Excerpted data:
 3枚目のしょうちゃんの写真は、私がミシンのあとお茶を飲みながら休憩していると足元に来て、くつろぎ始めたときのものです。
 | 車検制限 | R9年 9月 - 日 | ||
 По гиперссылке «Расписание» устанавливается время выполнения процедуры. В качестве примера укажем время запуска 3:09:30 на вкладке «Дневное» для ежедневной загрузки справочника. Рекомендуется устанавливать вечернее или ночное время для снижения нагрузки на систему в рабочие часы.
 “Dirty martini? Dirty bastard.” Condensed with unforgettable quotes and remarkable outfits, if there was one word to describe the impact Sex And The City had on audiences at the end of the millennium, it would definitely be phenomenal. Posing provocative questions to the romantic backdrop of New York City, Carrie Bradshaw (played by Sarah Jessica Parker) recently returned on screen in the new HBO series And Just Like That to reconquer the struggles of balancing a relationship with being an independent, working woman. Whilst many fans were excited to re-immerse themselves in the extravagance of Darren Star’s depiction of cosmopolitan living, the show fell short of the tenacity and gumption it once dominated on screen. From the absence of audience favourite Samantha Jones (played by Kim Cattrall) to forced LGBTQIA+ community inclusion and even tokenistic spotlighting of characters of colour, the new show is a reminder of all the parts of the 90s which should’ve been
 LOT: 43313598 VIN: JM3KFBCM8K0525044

...

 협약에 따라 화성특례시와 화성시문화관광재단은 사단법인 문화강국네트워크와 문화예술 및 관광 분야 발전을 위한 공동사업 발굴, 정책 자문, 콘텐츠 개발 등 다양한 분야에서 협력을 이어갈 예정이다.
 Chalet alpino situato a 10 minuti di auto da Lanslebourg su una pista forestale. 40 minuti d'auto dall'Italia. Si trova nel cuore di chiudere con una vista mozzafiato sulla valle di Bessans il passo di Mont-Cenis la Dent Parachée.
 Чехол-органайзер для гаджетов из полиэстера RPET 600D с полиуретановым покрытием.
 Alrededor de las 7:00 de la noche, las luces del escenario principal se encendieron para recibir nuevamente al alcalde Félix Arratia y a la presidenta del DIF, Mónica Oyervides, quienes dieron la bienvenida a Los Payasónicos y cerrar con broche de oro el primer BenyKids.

Action item: Could you retype exactly the lines above, starting at the line that contains "R9年 9月 - 日 | ||" and ending at the line that contains "LOT: 43313598 VIN: JM3KFBCM8K0525044", and nothing more?

Exercise solution:
 | 車検制限 | R9年 9月 - 日 | ||
 По гиперссылке «Расписание» устанавливается время выполнения процедуры. В качестве примера укажем время запуска 3:09:30 на вкладке «Дневное» для ежедневной загрузки справочника. Рекомендуется устанавливать вечернее или ночное время для снижения нагрузки на систему в рабочие часы.
 “Dirty martini? Dirty bastard.” Condensed with unforgettable quotes and remarkable outfits, if there was one word to describe the impact Sex And The City had on audiences at the end of the millennium, it would definitely be phenomenal. Posing provocative questions to the romantic backdrop of New York City, Carrie Bradshaw (played by Sarah Jessica Parker) recently returned on screen in the new HBO series And Just Like That to reconquer the struggles of balancing a relationship with being an independent, working woman. Whilst many fans were excited to re-immerse themselves in the extravagance of Darren Star’s depiction of cosmopolitan living, the show fell short of the tenacity and gumption it once dominated on screen. From the absence of audience favourite Samantha Jones (played by Kim Cattrall) to forced LGBTQIA+ community inclusion and even tokenistic spotlighting of characters of colour, the new show is a reminder of all the parts of the 90s which should’ve been
 LOT: 43313598 VIN: JM3KFBCM8K0525044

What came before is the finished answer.